What you have to do: Return every line below as is, leaving out the pictures.

Data below:

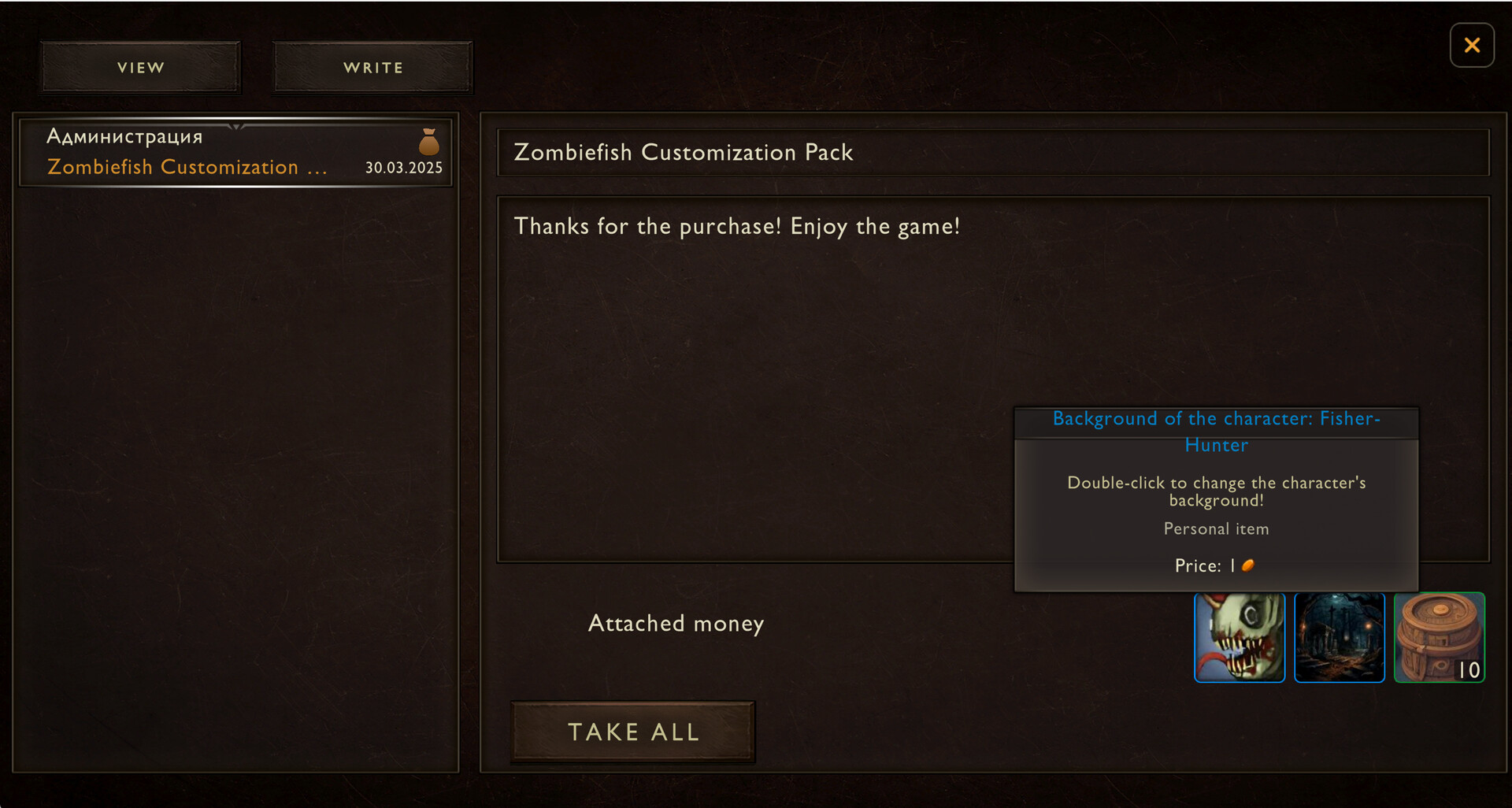 Fisher-Hunter Background – a rare customization item that replaces the current character window background and is added to your collection.
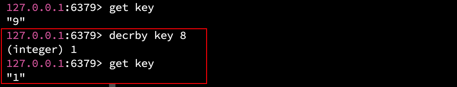 | decrby key n | 指定的 key 的值 -n | O(1) |
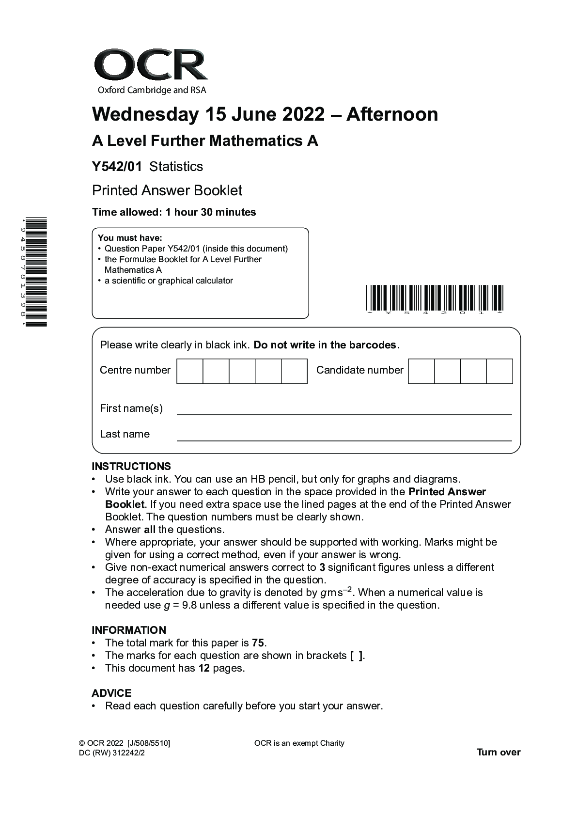 Mathematics > A-Level Question Paper > OCR A LEVEL JUNE 2022 FURTHER MATHS A STATISTICS ANSWER BOOKLET
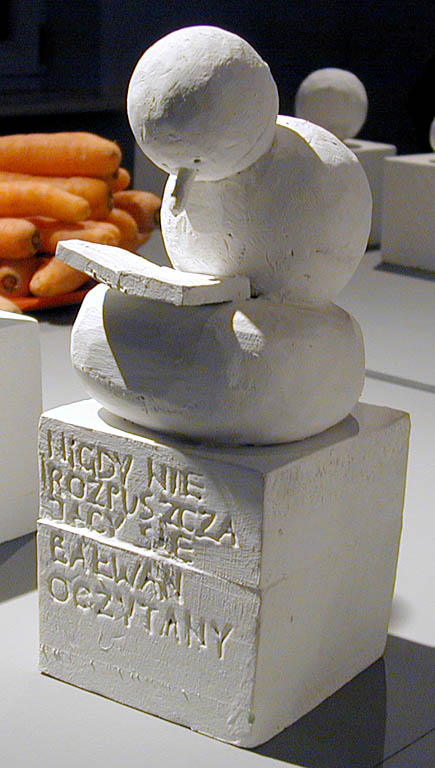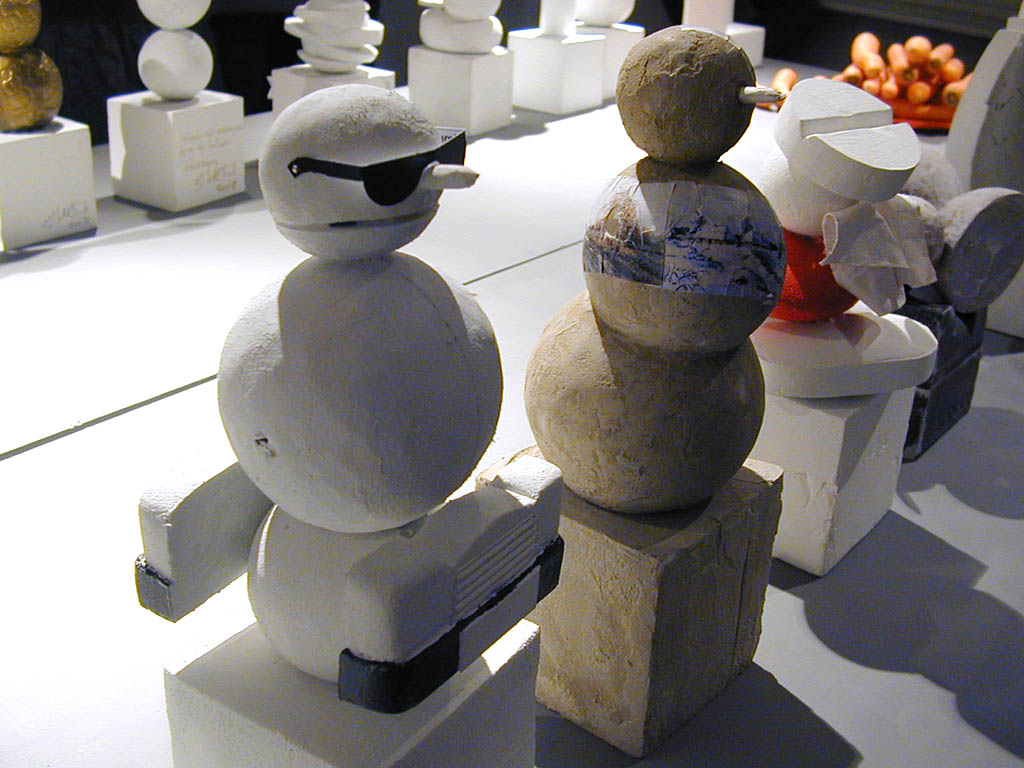 Autorka, osoba nie pozbawiona poczucia humoru o odcieniu nieco absurdalnym, stworzyła także specjalnie na tę prezentację cykl gipsowych rzeźb pod wspólnym hasłem "Bałwan dla Warszawy". Liczne zaprezentowane bałwany to makiety. Powstała idea, aby przynajmniej jeden z nich, powiększony do monumentalnej skali, został zrealizowany w stołecznej przestrzeni publicznej. Szanse na to są niewielkie, bo bałwany mają nieco kontrowersyjną tematykę. Jest w śród nich moherowy, cały czarny i włochaty, jest też farmaceutyczny, złożony z nadużywanych przez nas pastylek, kolejny to świąteczny nawiązujący do polskiego upodobania do świętowania, krzyżujący wielkanocne jajka z dynią z Halloween, kolejny to Gwiazdor sowiecko-amerykański, a są i inne. Bałwany Grażyny Bartnik to nasze bałwany, bałwany polskich przywar narodowych. Portretowanie przywar ma w sztuce długą tradycję, tyle że na ulicach gości raczej panteon naszych heroicznych zalet, uosobionych przez wielkich, dostojnych, walecznych i wiernych. A bałwan Bartnik to młodszy brat palmy Joanny Rajkowskiej. A wszak w Warszawie już z samą palmą jest dość kłopotów. Perspektywa dowcipnego bałwana przeraziłaby miejskich włodarzy nie na żarty. Bałwan nieodwracalnie inspirowałby do porównań.

Result:
 Fisher-Hunter Background – a rare customization item that replaces the current character window background and is added to your collection.
 | decrby key n | 指定的 key 的值 -n | O(1) |
 Mathematics > A-Level Question Paper > OCR A LEVEL JUNE 2022 FURTHER MATHS A STATISTICS ANSWER BOOKLET
 Autorka, osoba nie pozbawiona poczucia humoru o odcieniu nieco absurdalnym, stworzyła także specjalnie na tę prezentację cykl gipsowych rzeźb pod wspólnym hasłem "Bałwan dla Warszawy". Liczne zaprezentowane bałwany to makiety. Powstała idea, aby przynajmniej jeden z nich, powiększony do monumentalnej skali, został zrealizowany w stołecznej przestrzeni publicznej. Szanse na to są niewielkie, bo bałwany mają nieco kontrowersyjną tematykę. Jest w śród nich moherowy, cały czarny i włochaty, jest też farmaceutyczny, złożony z nadużywanych przez nas pastylek, kolejny to świąteczny nawiązujący do polskiego upodobania do świętowania, krzyżujący wielkanocne jajka z dynią z Halloween, kolejny to Gwiazdor sowiecko-amerykański, a są i inne. Bałwany Grażyny Bartnik to nasze bałwany, bałwany polskich przywar narodowych. Portretowanie przywar ma w sztuce długą tradycję, tyle że na ulicach gości raczej panteon naszych heroicznych zalet, uosobionych przez wielkich, dostojnych, walecznych i wiernych. A bałwan Bartnik to młodszy brat palmy Joanny Rajkowskiej. A wszak w Warszawie już z samą palmą jest dość kłopotów. Perspektywa dowcipnego bałwana przeraziłaby miejskich włodarzy nie na żarty. Bałwan nieodwracalnie inspirowałby do porównań.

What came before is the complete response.